CI npm Downloads License: MIT

The semantic layer and a superset of the three static scanners. It reads a test against its intent, the spec, and the production code to catch the false-greens no parser sees (F4, F7), and it carries every structural code of the scanners plus the AI-only S-series.

What it is

Not Claude-specific. The same protocol is packaged for Claude Code, Codex, Gemini, Cursor, plain LLM prompts, API usage, and an npm CLI. For Python it applies the complete falsegreen catalog directly; for TypeScript, JavaScript, and Robot Framework it is the primary detection tool.

The protocol (J1-J6)

Every test is read through six judgments: does the assertion run, is the expected value from an independent oracle, is the real unit exercised, is the assertion sufficient, is it free of coupling to internals, does it pass in isolation. A false positive is worse than a miss, so a wrong-value finding is not reported without citing an oracle.

Install and first run

The skill runs on several hosts (Claude Code, Codex, Gemini, Cursor) and as a standalone npm CLI. The CLI needs only Node 18+ and an API key for the provider you choose:

export ANTHROPIC_API_KEY=sk-ant-...
npx falsegreen-skill analyze tests/test_demo.py

--provider openai or --provider gemini switches the model; --json and --fail-on-high wire it into CI. Per-host setup (the Claude Code plugin, the Codex and Gemini extensions, the Cursor rule) is in the skill README.

First finding

Given a test that asserts the mock back to itself:

# tests/test_tax.py
def test_calculate_tax(mock_calc):
    mock_calc.return_value = 0.15
    result = calculate_tax(100, mock_calc)
    assert result == mock_calc.return_value

npx falsegreen-skill analyze tests/test_tax.py reports:

CASE 11 (J2) - HIGH - Python - unit - behavior

Test: test_calculate_tax (line 2-5)
Finding: The assertion checks mock_calc.return_value - the same value the mock
was configured to return. It passes for any result, including a wrong one.
Evidence:
  mock_calc.return_value = 0.15
  assert result == mock_calc.return_value
Fix hint: Assert against an independently computed value, e.g. assert result == 15.0.

Reading a finding

Each finding names five things:

  • CASE 11 - the semantic code. The skill also emits the structural C*, JS*, and R* codes the scanners use.
  • (J2) - the failed judgment: the expected value is not from an independent oracle.
  • HIGH - confidence. HIGH means no plausible legitimate reading; LOW warns.
  • Python - unit - behavior - language, pyramid level, and test intent.
  • Finding / Evidence / Fix hint - what is wrong, the lines that prove it, and how to repair it.

What it covers

The broadest tool of the family. It is the superset, so its coverage is the union of everything the scanners catch plus what only a reader of intent can:

Layer Coverage
All structural codes every C* (Python), JS*, and R* code from the three scanners, applied by reading the source
Semantic cases 10 (mocks the unit), 11 (asserts the stub), 12 (re-implements the formula), 15 (shared state), 18 (contradicts the spec)
The S-series (AI-only) S1-S13: intent mismatch, irrelevant oracle, plausible-but-wrong value, coarse oracle, tests the framework, happy-path-only, value lifted from output, mock through indirection, self-fulfilling arrangement, asserts the log, negative-only security check, patches core logic, cross-file order dependence
DSL passes Gherkin .feature and Tavern *.tavern.yaml (see Gherkin and Tavern)
Level awareness reads unit / integration / E2E from signals and adjusts the oracle

Modes

  • Detect - read a suite and report findings (J1-J6, level, evidence, fix hint).
  • Author - generate tests that are not false-green by construction, one spec per pyramid level.
  • AI-fix gate (F7) - propose a strengthened test and validate it with a bidirectional mutation gate (pass on clean code, fail on the reintroduced bug).

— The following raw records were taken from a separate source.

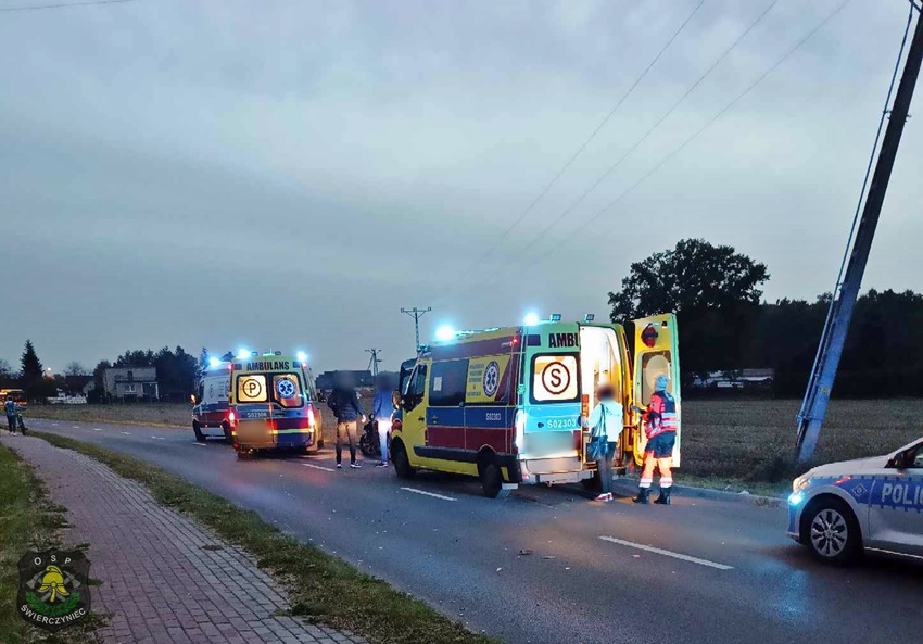 24 października po godzinie 17 na ul. Barwnej w Świerczyńcu doszło do zdarzeni drogowego z udziałem dwóch samochodów osobowych. W zdarzeniu brały udział Mazda oraz Opel. Na miejsce zdarzenia zadysponowane zostały ZRM oraz Policja. Przed przybyciem służb ratunkowych na miejsce z pomocą poszkodowanym pospieszyli świadkowie zdarzenia oraz druh OSP Świerczyniec wracający z pracy do domu. Ruch w miejscu zdarzenia na czas działań został całkowicie zablokowany. Osoby podróżujące pojazdami trafiły pod opiekę przybyłych na miejsce ratowników medycznych. Ze względu na wycieki oraz dużą ilość elementów karoserii na drodze do pomocy wezwani zostali druhowie OSP Świerczyniec. Ze wstępnych ustaleń pracujących na miejscu Policjantów wynika, że sprawcą zdarzenia jest kierowca Mazdy, który wykonując manewr wyprzedzania w miejscu niedozwolonym uderzył w jadącego z naprzeciwka Opla. Działania służb ratunkowych na miejscu zdarzenia trwały blisko dwie godziny. Policjanci KPP Bieruń prowadza dalsze postępowanie w tej sprawie.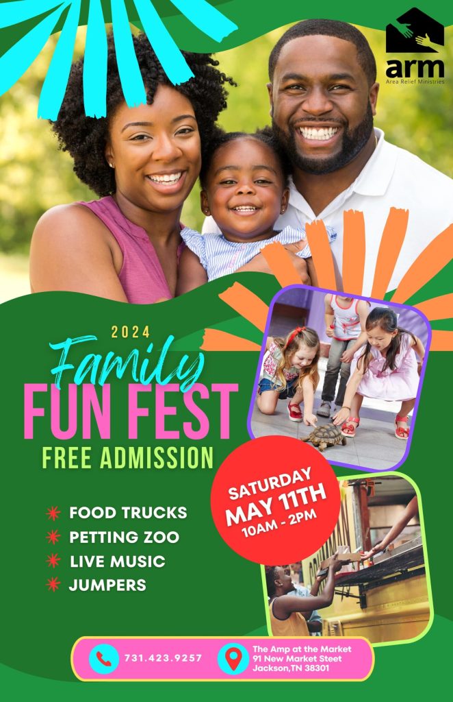 Jackson, Tennessee – Area Relief Ministries will host its seventh annual Family Fun Fest at the AMP at the Market, 91 New Market Street, in downtown Jackson Saturday, May 11, 2024, from 10 a.m. until 2 p.m. Admission is free and families are encouraged to bring lawn chairs for a day of live music, food trucks, a petting zoo, jumpers and more.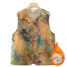 中国式气质民族风马夹中式复古马甲新中式加绒加厚印花冬季上衣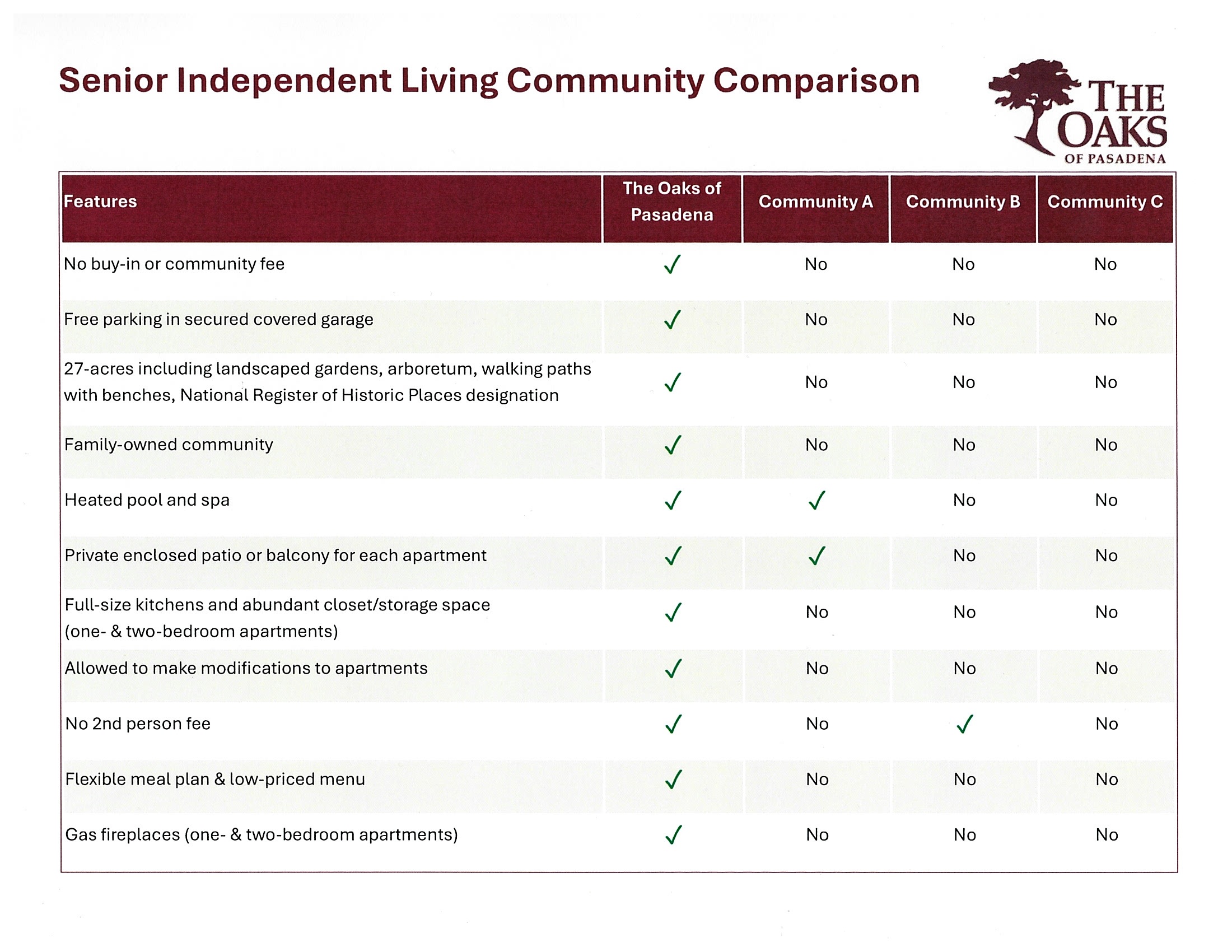Why choose The Oaks of Pasadena? Click below to see how we stack up against the competition:

Complete usage and configuration

The first-run above is the five-minute path. This section is the full reference: the CLI (analyze and the fix mutation-gate mode), provider configuration for every supported backend, and the per-host enable steps. It mirrors what the project README, docs/cli.md, and providers.md document.

The CLI

Node 18 or newer, zero dependencies. Install or run on demand:

npm install -g falsegreen-skill
npx falsegreen-skill analyze tests/test_payment.py

Two commands:

falsegreen-skill analyze <file...> [options]
falsegreen-skill fix <test-file> --case <code> --line <n> [options]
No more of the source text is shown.